Do not include the pictures; repeat the rest of the data exactly.
*** Opening Material supplied ***
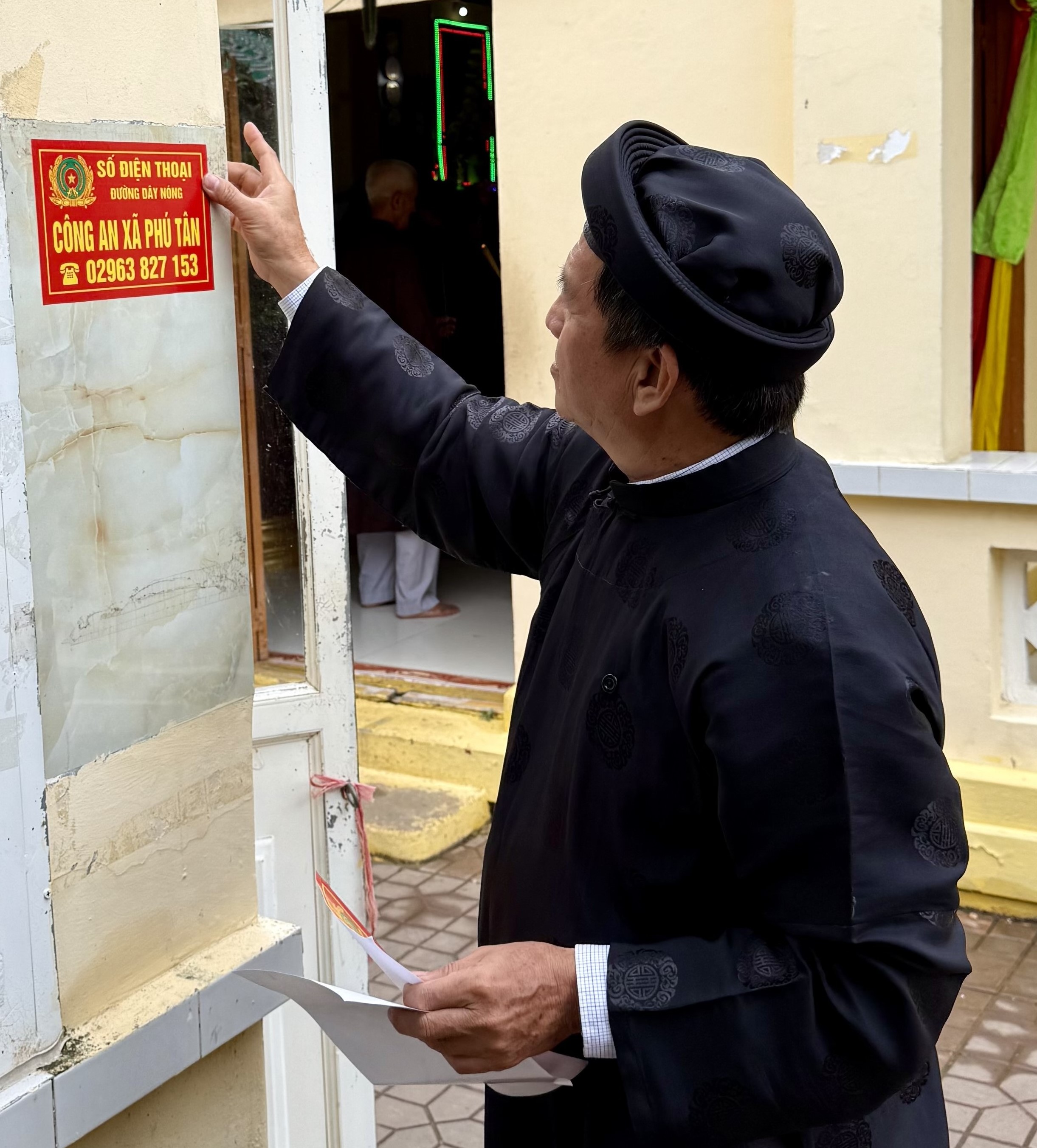 Sau buổi tuyên truyền Công an xã cùng bà con tín đồ gắn bảng số điện thoại đường dây nóng để người dân kịp thời tố giác tội phạm và phản ánh vụ việc liên quan ANTT.
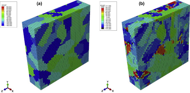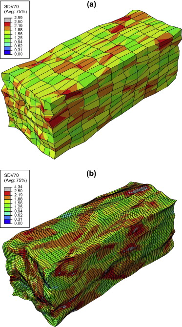 - A crystal plasticity constitutive model, aimed at predicting the elasto-plastic behaviour at the crystal level. The model incorporates physically-based and phenomenological implementations and both slip and twinning mechanisms are considered. Both monotonic response and cyclic behaviour are considered by the combination of different laws for isotropic hardening, kinematic hardening and cyclic softening. The model has already been successfully applied to simulate the mechanical performance of FCC (Al and Ni-based superalloys) and HCP alloys (Mg and Ti), including stress-strain curves and texture evolution under monotonic loading as well as crack initiation and fatigue life under cyclic loading. The model is programmed as a UMAT subroutine for Abaqus.
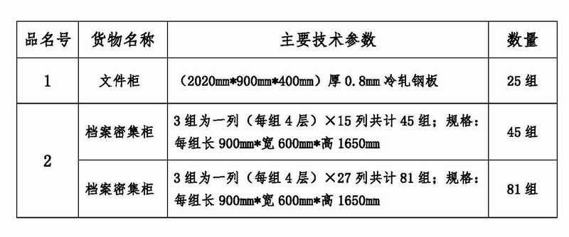 1.2供貨周期:此次采購分三批供貨,首批擬在2021年9月開始供應(yīng)密集架45組(600mm×900mm×1650mm);第二批擬在2022年3月供應(yīng)密集架81組(600mm×900mm×1650mm);第三批擬在2022年6月供應(yīng)文件柜25組(900mm×400mm×2020mm)。簽訂合同后,所列項目清單貨物交付完成約需10個月。
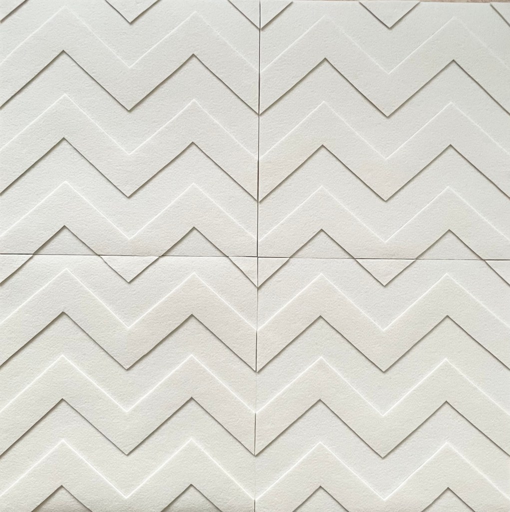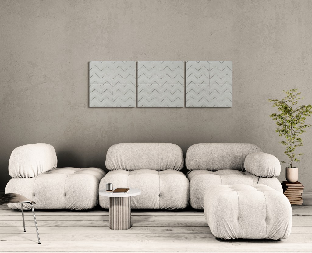 Stilrent handgjort konstverk av filt som dämpar ljud och bidrar till en bättre rumsmiljö. Flera konstverk kan monteras på rad, i kvadrat eller i större formationer beroende på rummets estetik. Konstverket är skapat i återvinningsbar polyester som har många bra egenskaper. Det är giftfritt, lätt, vattentåligt och lättstädat.
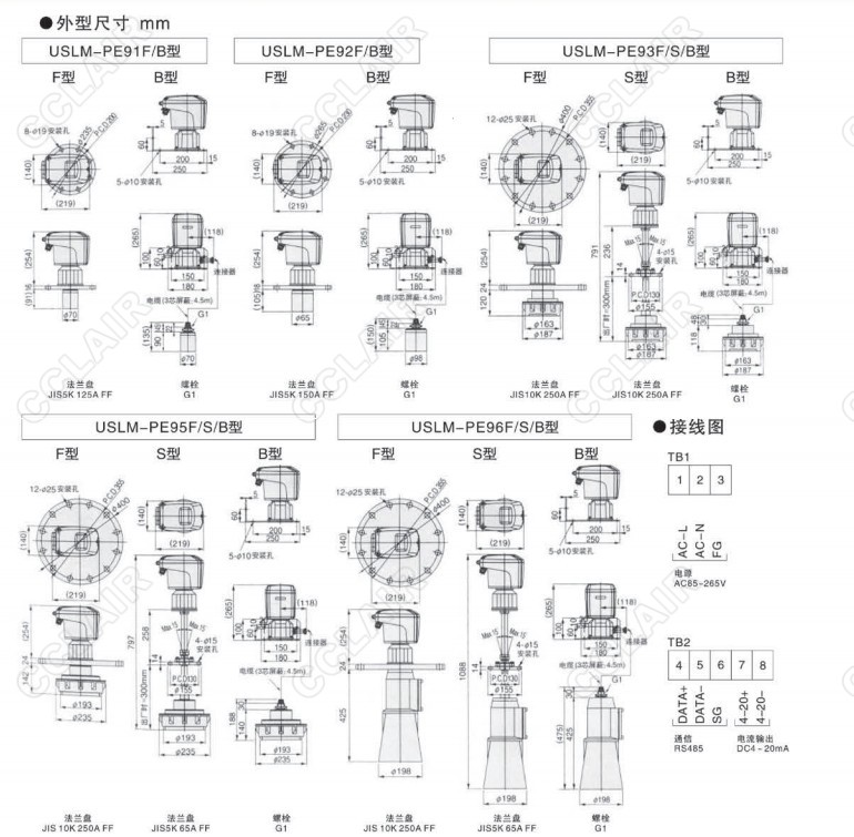 USLM,USLM-PE91F/B,USLM-PE92F/B,USLM-PE93F/S/B,USLM-PE95F/S/B,超聲波料位計(jì)
*** Closing Material supplied ***
- **Expected output**
 Sau buổi tuyên truyền Công an xã cùng bà con tín đồ gắn bảng số điện thoại đường dây nóng để người dân kịp thời tố giác tội phạm và phản ánh vụ việc liên quan ANTT.
 - A crystal plasticity constitutive model, aimed at predicting the elasto-plastic behaviour at the crystal level. The model incorporates physically-based and phenomenological implementations and both slip and twinning mechanisms are considered. Both monotonic response and cyclic behaviour are considered by the combination of different laws for isotropic hardening, kinematic hardening and cyclic softening. The model has already been successfully applied to simulate the mechanical performance of FCC (Al and Ni-based superalloys) and HCP alloys (Mg and Ti), including stress-strain curves and texture evolution under monotonic loading as well as crack initiation and fatigue life under cyclic loading. The model is programmed as a UMAT subroutine for Abaqus.
 1.2供貨周期:此次采購分三批供貨,首批擬在2021年9月開始供應(yīng)密集架45組(600mm×900mm×1650mm);第二批擬在2022年3月供應(yīng)密集架81組(600mm×900mm×1650mm);第三批擬在2022年6月供應(yīng)文件柜25組(900mm×400mm×2020mm)。簽訂合同后,所列項目清單貨物交付完成約需10個月。
 Stilrent handgjort konstverk av filt som dämpar ljud och bidrar till en bättre rumsmiljö. Flera konstverk kan monteras på rad, i kvadrat eller i större formationer beroende på rummets estetik. Konstverket är skapat i återvinningsbar polyester som har många bra egenskaper. Det är giftfritt, lätt, vattentåligt och lättstädat.
 USLM,USLM-PE91F/B,USLM-PE92F/B,USLM-PE93F/S/B,USLM-PE95F/S/B,超聲波料位計(jì)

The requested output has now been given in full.